WHAT THIS TASK INVOLVES →
Nothing but the lines below from the one with "Portret van een" through the one with "El alcalde de" should be output, each exactly as given, and no pictures.

THE RECORDS →
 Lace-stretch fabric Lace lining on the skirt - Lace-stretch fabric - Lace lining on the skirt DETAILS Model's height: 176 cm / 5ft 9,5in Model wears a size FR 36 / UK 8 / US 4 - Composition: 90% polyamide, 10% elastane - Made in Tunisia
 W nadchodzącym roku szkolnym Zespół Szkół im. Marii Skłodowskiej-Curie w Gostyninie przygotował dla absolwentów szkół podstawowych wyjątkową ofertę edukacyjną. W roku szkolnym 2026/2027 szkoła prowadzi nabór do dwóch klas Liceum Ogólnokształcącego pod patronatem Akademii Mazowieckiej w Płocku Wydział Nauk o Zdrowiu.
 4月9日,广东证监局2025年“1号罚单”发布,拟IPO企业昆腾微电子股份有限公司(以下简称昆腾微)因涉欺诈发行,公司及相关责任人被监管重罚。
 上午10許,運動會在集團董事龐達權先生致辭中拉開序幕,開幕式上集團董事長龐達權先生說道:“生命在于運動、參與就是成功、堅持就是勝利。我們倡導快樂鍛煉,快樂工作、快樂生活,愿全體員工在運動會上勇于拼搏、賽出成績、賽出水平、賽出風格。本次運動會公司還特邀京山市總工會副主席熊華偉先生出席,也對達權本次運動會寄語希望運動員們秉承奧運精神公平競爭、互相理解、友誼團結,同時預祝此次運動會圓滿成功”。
---
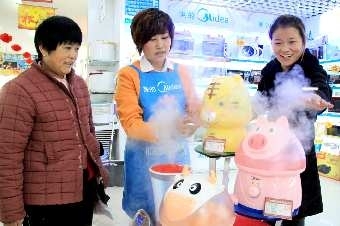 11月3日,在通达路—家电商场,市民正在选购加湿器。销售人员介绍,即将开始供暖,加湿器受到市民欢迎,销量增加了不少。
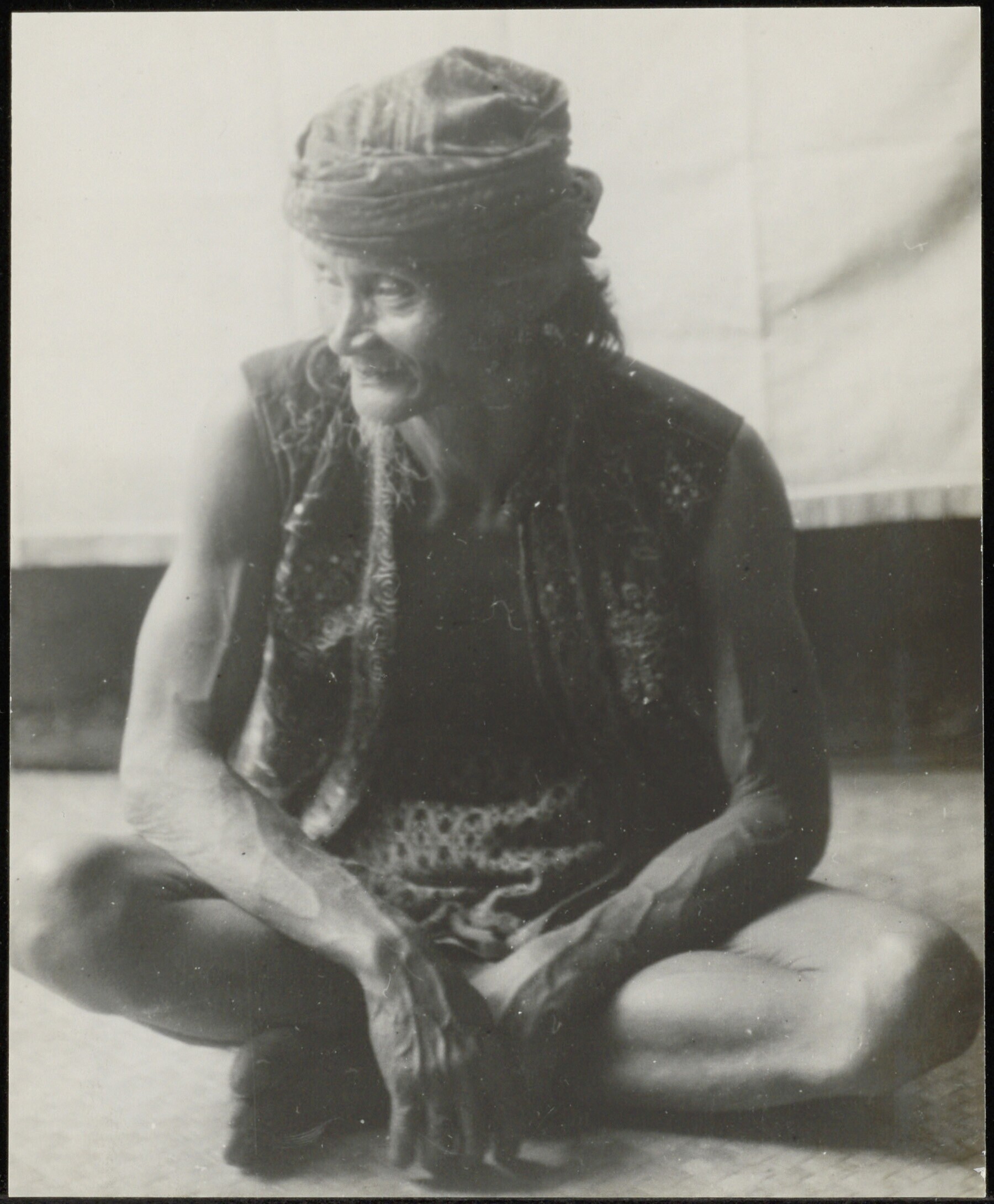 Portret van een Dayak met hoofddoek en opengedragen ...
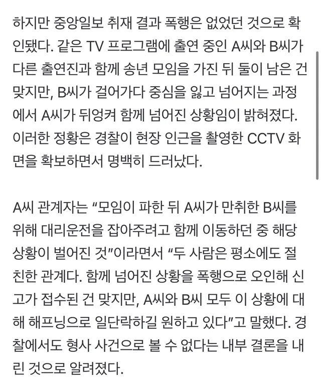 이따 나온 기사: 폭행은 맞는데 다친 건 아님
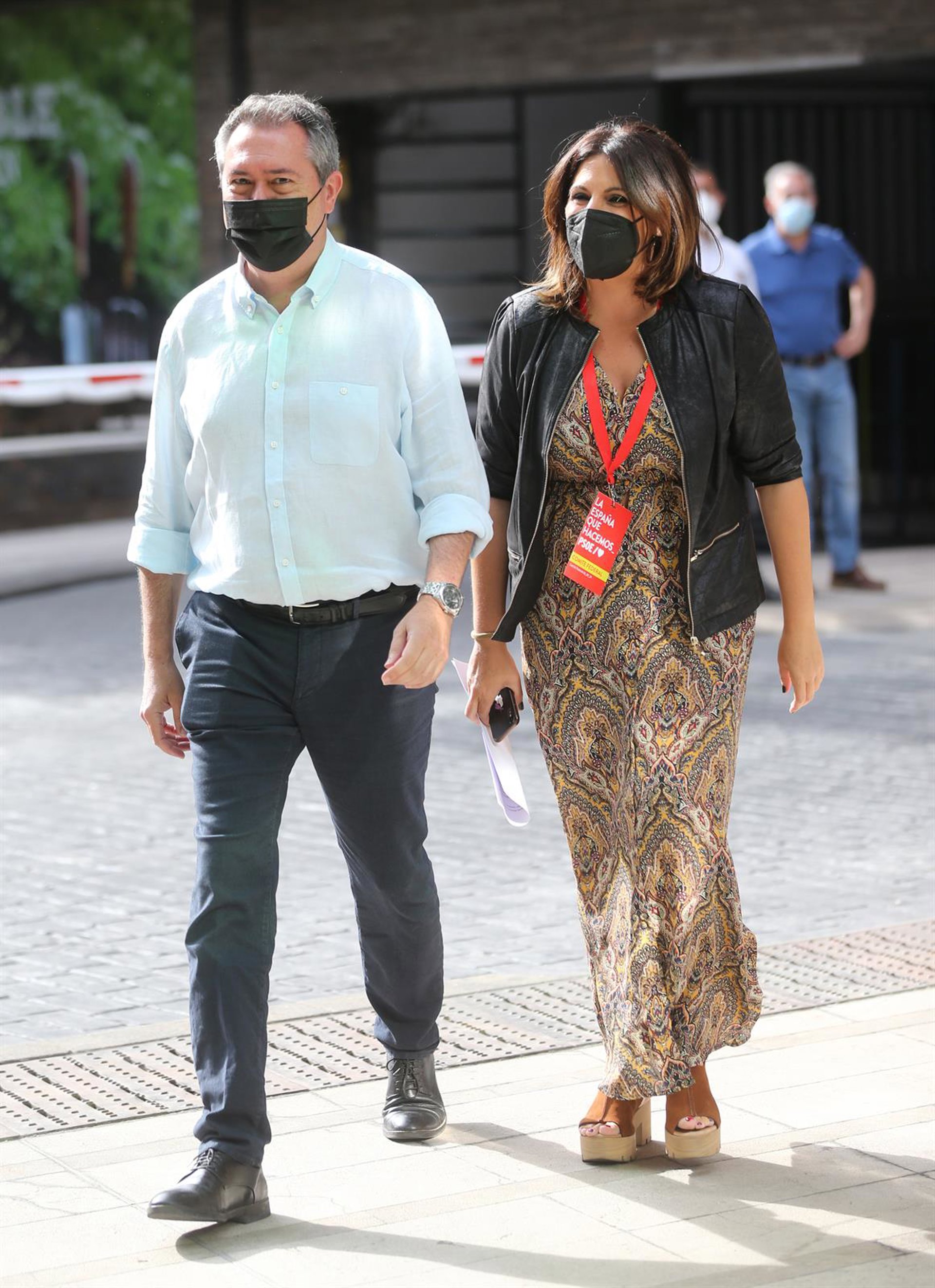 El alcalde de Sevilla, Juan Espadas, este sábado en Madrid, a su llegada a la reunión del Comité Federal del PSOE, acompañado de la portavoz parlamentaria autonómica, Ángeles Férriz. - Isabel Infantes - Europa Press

REPLY →
 Portret van een Dayak met hoofddoek en opengedragen ...
 이따 나온 기사: 폭행은 맞는데 다친 건 아님
 El alcalde de Sevilla, Juan Espadas, este sábado en Madrid, a su llegada a la reunión del Comité Federal del PSOE, acompañado de la portavoz parlamentaria autonómica, Ángeles Férriz. - Isabel Infantes - Europa Press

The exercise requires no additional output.